«Боже, – подумала я, – что творится у них в этом Саут-Бенде? Может, Корнелия вообще суфражистка?»

Мне же мадам сказала по-французски:

– Клиентки Шанель торгуют своим телом. Коко – тоже. Ее одежда соответствует ее морали.

Мадам Симон всегда понимала по-английски больше, чем показывала. В отношении платьев она представляла школу «чем больше, тем лучше» и была приверженцем моделей, требующих контролирующего нижнего белья. Часто распалялась насчет скандальной моды, ставшей популярной после Французской революции. Тогда женщины одевались как римские статуи, оголяя грудь. Никаких приличий. Никакой респектабельности.
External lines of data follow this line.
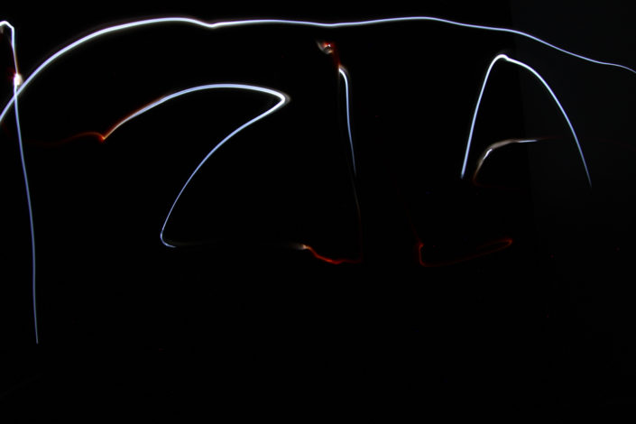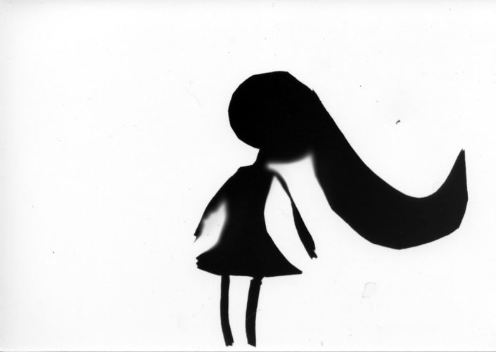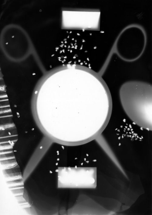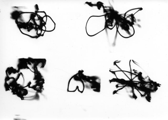 On rentre dans la chambre noire et on fait des premiers essais avec des simples silhouettes découpées dans du carton. C’est notre premier photogramme! Le photogramme est une image photographique obtenue sans utiliser un appareil photographique, en plaçant des objets sur une surface photosensible (papier photo) et en l’exposant ensuite directement à la lumière.
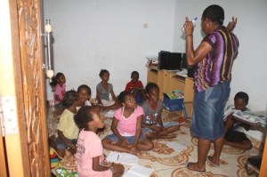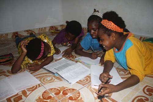 Dialog sederhana semacam itu yang kerap mengawali bergabungnya seorang anak di bimbingan belajar (Bimbel) Papua Anigou yang berlokasi di daerah Jalan Baru, Timika. Pesertanya cukup beragam, mulai dari anak-anak asli Mimika hingga anak-anak pendatang dari area Jalan Baru. Mulai dari yang sekolah hingga yang putus sekolah. Kebanyakan anak-anak usia Sekolah Dasar.
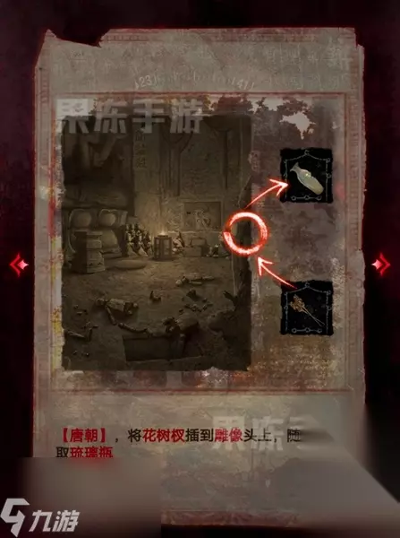 31、返回闻谕殿、切换为唐朝,将花树杈插到雕像偷师,拾取琉璃瓶。
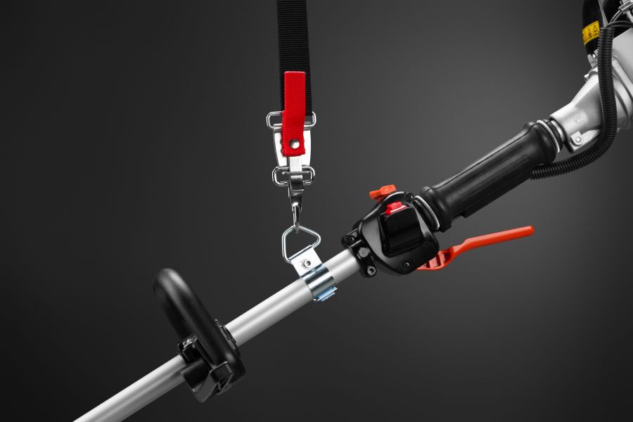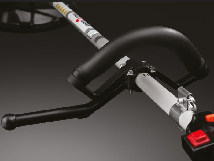 Одинарная рукоятка позволяет эффективно работать под разными углами на участках с частыми посадками, вокруг деревьев и вдоль строений. За счет такой формы повышается маневренность бензокосы, а также экономится место при хранении. Конструкция рукоятки позволяет отрегулировать ее под любой рост оператора.
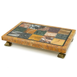 Alzata in commesso di marmi policromi a scacchiera, poggiante su piedini in metallo dorato, cm h 4,5x17x26.
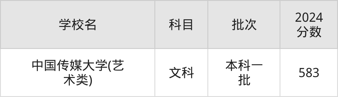 1、中国传媒大学(艺术类)(2024年文科583分)
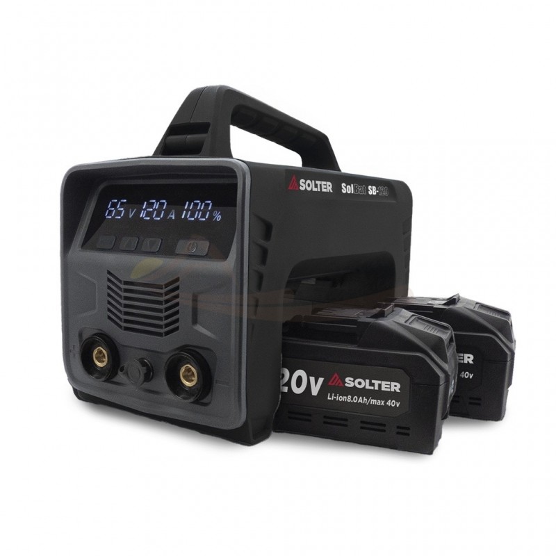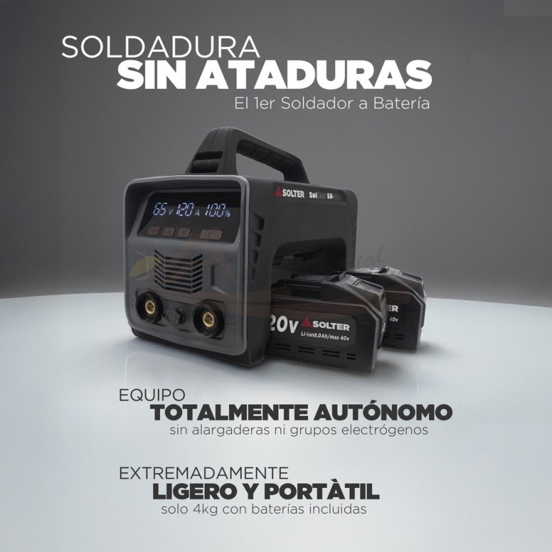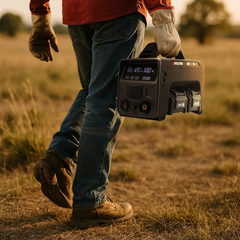 El SOLBAT SB-120V de SOLTER es un equipo de soldadura MMA profesional a batería, ideal para trabajos en zonas sin acceso a red eléctrica. Con una corriente de 120A, permite realizar soldaduras eficientes con hasta 7 electrodos de 2,5 mm o 14 de 2 mm con una carga completa de 2 baterias. Dispone de sistema de conexión Dinse 10-25 y sus dos baterías Li-ion (2x40V) de 8Ah se recargan simultáneamente mediante el cargador dual incluido. Compacto, robusto y con pantalla digital integrada, es la solución perfecta para intervenciones en campo, mantenimiento o trabajos en exterior donde no llega la corriente eléctrica.
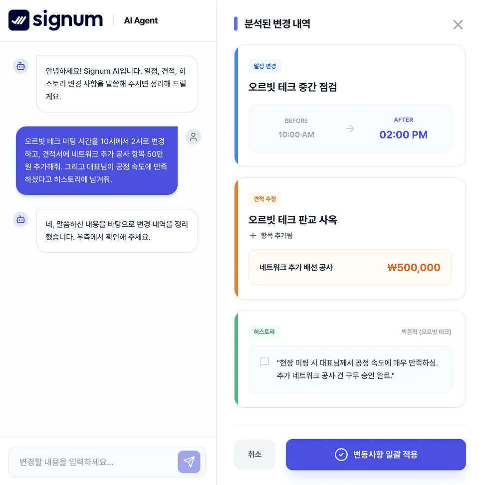 견적서를 업로드하면 AI가 프로젝트 전체를 자동 세팅합니다.

– Когда женщина теряет свою репутацию, с чем она остается? – говорила мадам Симон в своих нередких лекциях, адресованных Жоржетте и молодым швеям. – Не поддавайтесь на сладкие слова, ma petite filles[53]. Поступитесь своей добродетелью, отдадите целомудрие – потеряете шанс на достойную жизнь. И у вас не будет ни своего дома, ни детей.

– А я и не думаю отдавать свое целомудрие, – после одной такой проповеди мадам заявила мне Урсула, самая бойкая из всех швей. – Я рассчитываю получить за него хорошую цену.

Французы называли швей «модистками», а остальных мастеровых женщин – «гризетками». Все это девушки из бедных семей, сами пробивающие себе дорогу в жизни: тяжелый труд, низкие заработки, никакой защиты. Было много разговоров, когда одна из гризеток, Луиза, познакомилась с богатым мужчиной и переехала в его квартиру на Рю-де-ля-Пэ. Мадам Симон немедленно уволила ее.

– Мадам сейчас великая моралистка, – сказала мне Урсула. – Авторитетная и положительная, но вначале…

Похоже, у мадам Симон когда-то был покровитель. Богатый человек, вкладывавший деньги в ее магазин и в нее саму.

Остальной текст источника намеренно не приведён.